Omit all pictures, and print word for word only the lines from the one containing "境内南東端入口にある<大銀杏" through the end of the data.

ENTRIES SUPPLIED:

* * *

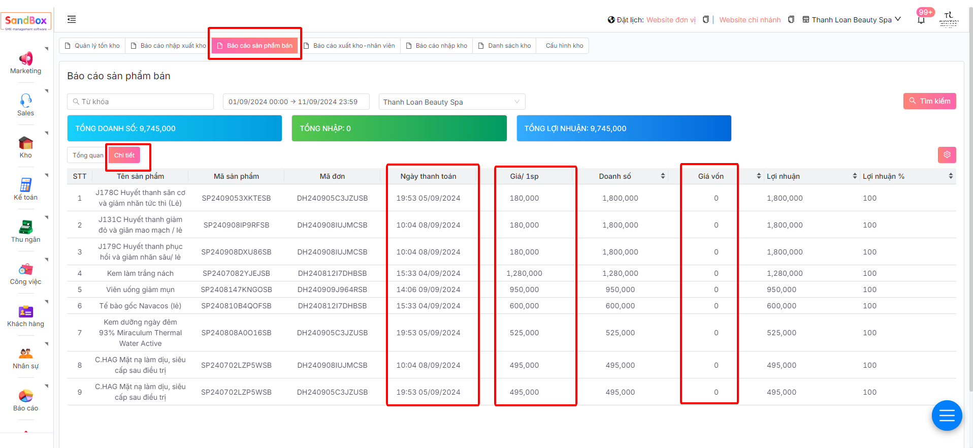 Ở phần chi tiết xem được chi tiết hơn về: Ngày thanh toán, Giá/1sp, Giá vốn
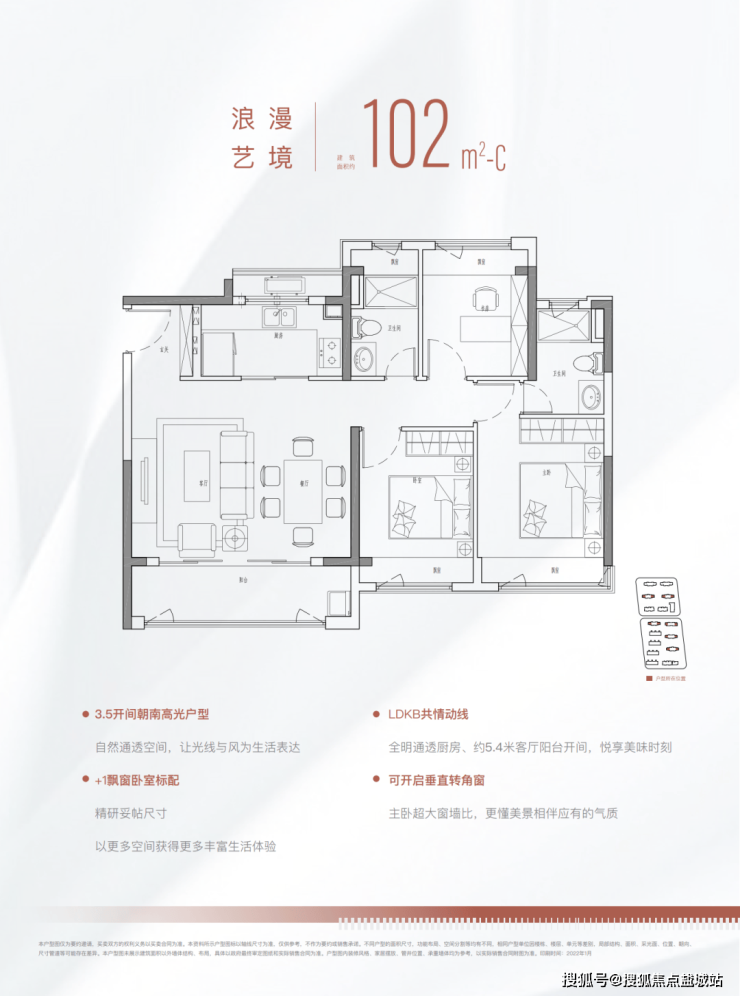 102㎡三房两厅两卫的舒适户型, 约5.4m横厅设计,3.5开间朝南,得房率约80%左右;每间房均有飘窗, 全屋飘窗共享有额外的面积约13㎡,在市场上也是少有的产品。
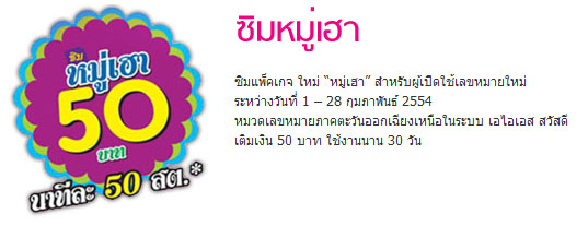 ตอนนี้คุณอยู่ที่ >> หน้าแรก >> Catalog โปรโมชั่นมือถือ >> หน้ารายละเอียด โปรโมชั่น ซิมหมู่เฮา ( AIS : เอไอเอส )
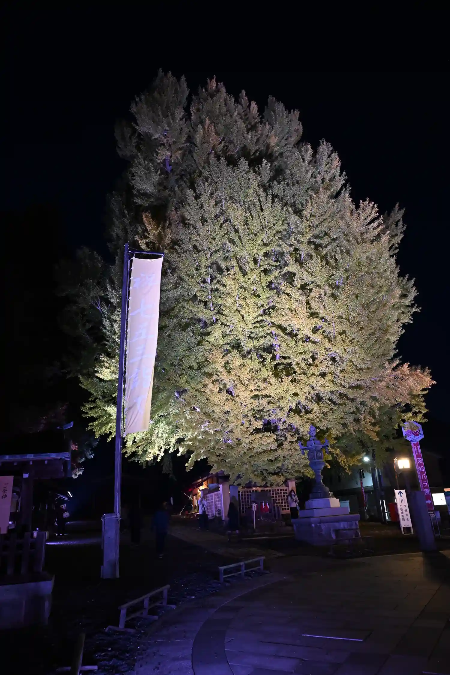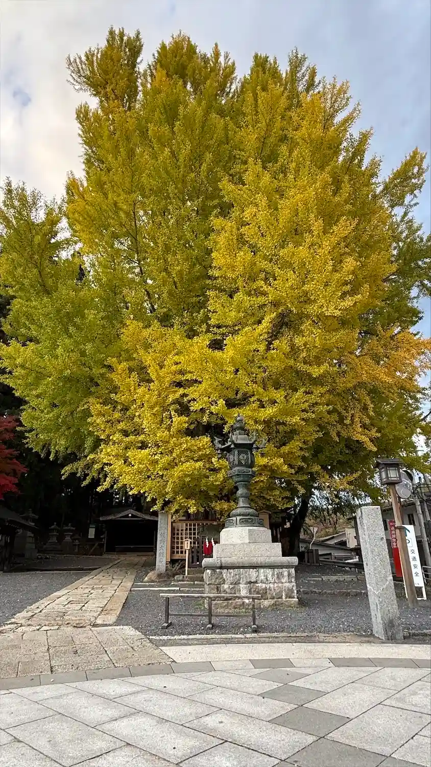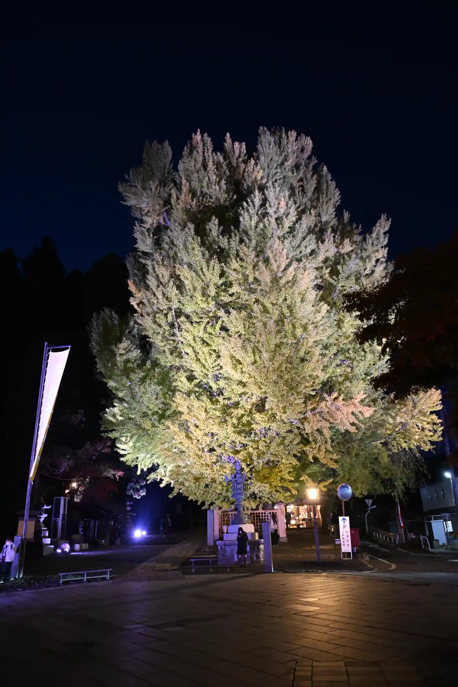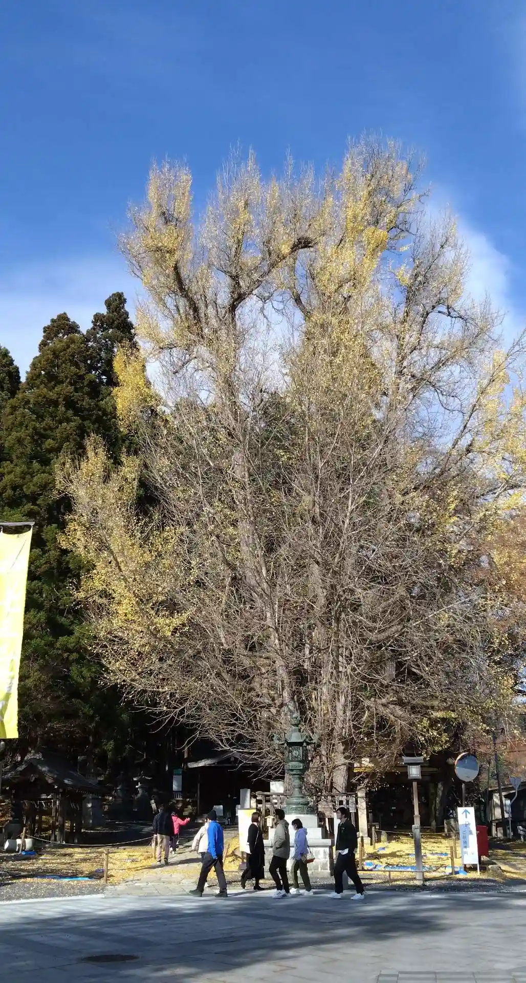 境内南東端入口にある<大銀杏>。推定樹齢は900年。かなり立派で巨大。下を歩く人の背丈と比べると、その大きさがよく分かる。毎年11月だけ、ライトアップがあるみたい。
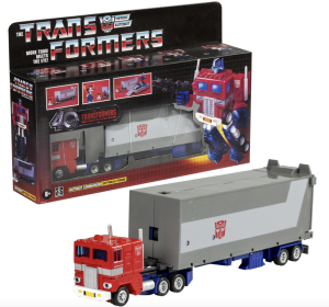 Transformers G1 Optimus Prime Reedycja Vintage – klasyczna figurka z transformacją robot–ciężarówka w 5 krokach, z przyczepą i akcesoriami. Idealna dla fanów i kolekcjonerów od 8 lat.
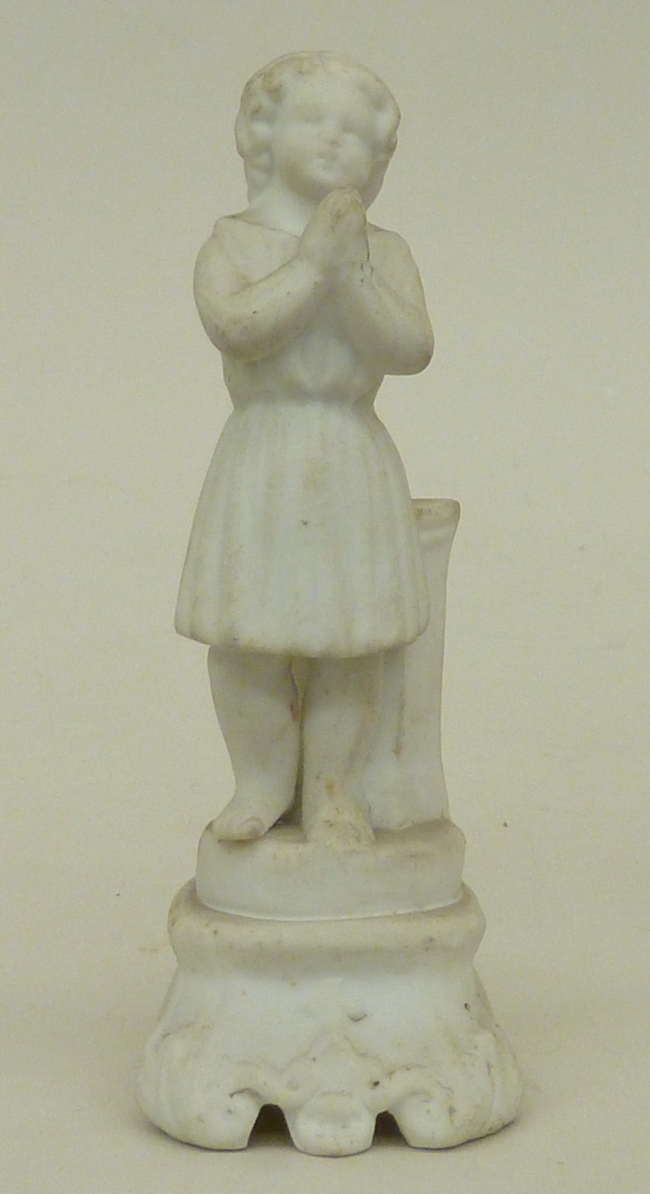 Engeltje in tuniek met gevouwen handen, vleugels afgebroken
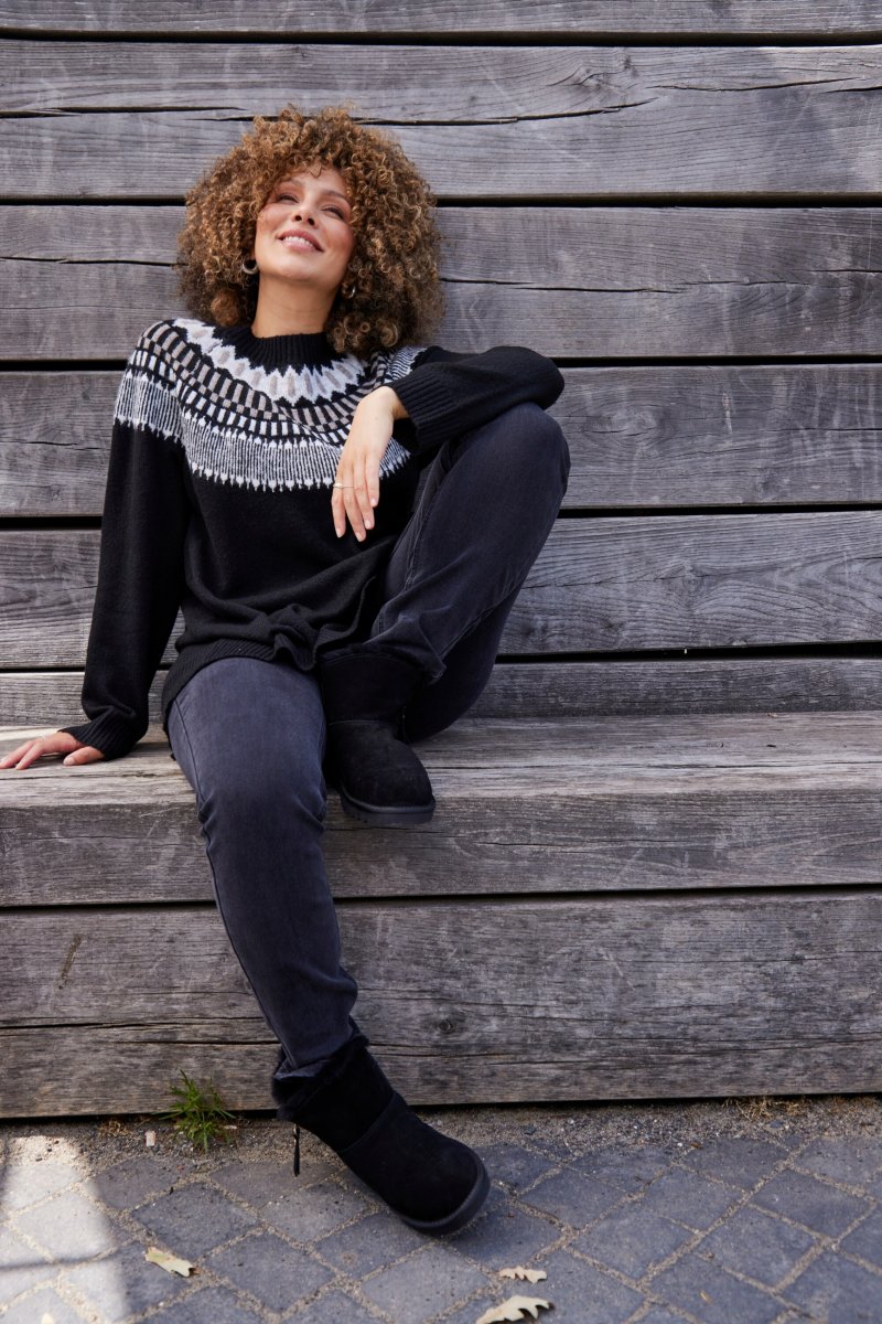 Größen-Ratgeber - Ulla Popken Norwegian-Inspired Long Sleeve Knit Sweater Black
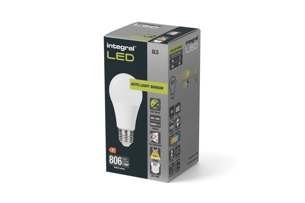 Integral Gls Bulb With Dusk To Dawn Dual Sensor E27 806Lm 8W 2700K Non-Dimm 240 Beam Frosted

* * *

WRITTEN SOLUTION:
 境内南東端入口にある<大銀杏>。推定樹齢は900年。かなり立派で巨大。下を歩く人の背丈と比べると、その大きさがよく分かる。毎年11月だけ、ライトアップがあるみたい。
 Transformers G1 Optimus Prime Reedycja Vintage – klasyczna figurka z transformacją robot–ciężarówka w 5 krokach, z przyczepą i akcesoriami. Idealna dla fanów i kolekcjonerów od 8 lat.
 Engeltje in tuniek met gevouwen handen, vleugels afgebroken
 Größen-Ratgeber - Ulla Popken Norwegian-Inspired Long Sleeve Knit Sweater Black
 Integral Gls Bulb With Dusk To Dawn Dual Sensor E27 806Lm 8W 2700K Non-Dimm 240 Beam Frosted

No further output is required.